Он побежал. Телефонная связь с Робин еще сохранялась, но он ничего не слышал. Пока он бежал в сгущающихся сумерках к ближайшей станции, паника заставила его соображать быстрее и приглушила боль. Ему требовался второй телефон.

– Дай-ка сюда на минуту, приятель! – проорал он паре тощих чернокожих подростков, которые шли навстречу: один, хихикая, болтал по телефону. – Совершается преступление, одолжи телефон!

Он бросился к ним; завидев его габариты и внушительный вид, подросток с боязливым недоумением протянул ему трубку.

– Айда за мной! – гаркнул Страйк, держа курс на более оживленные улицы, где он мог поймать такси, и прижимая к другому уху свой собственный мобильник. – Полиция! – кричал Страйк в чужой телефон; ошарашенные подростки бежали рядом, как телохранители. – У станции метро «Кэтфорд-Бридж» женщина подверглась нападению во время нашего телефонного разговора, вот только что… нет, я не знаю названия улицы, но это один-два квартала от станции – прямо сейчас, я говорил с ней по телефону, когда ее схватили, я слышал, как это случилось… да… быстрей давайте, мать вашу!.. Спасибо, приятель! – тяжело выдохнул Страйк, бросая мобильник его владельцу, который по инерции пробежал рядом еще с десяток метров.

Страйк стремглав влетел за угол; Боу был совершенно незнакомой ему частью Лондона.

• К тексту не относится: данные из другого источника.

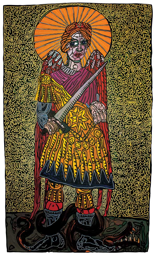 Robert Combas, “The Archangel – He who defeated the dragon of the Apocalypse and cast Lucifer to Earth”, 1995, acrylic on canvas, 210 × 127 cm

Он пробежал мимо паба «Колокола Боу», не обращая внимания на резкие толчки в коленных связках, двигаясь неуклюже, поддерживая равновесие одной рукой, а другой прижимая к уху свой молчащий телефон. Потом на другом конце провода завыл сиреной тревожный брелок.

– ТАКСИ! – взревел Страйк, издалека завидев растущее пятно света. – РОБИН! – заорал он в телефон, уверенный, что она слышит его сквозь вой сирены. – РОБИН, Я вызвал ПОЛИЦИЮ! ПОЛИЦИЯ УЖЕ ЕДЕТ. ТЫ МЕНЯ СЛЫШИШЬ, ЧЕРТ ПОДЕРИ?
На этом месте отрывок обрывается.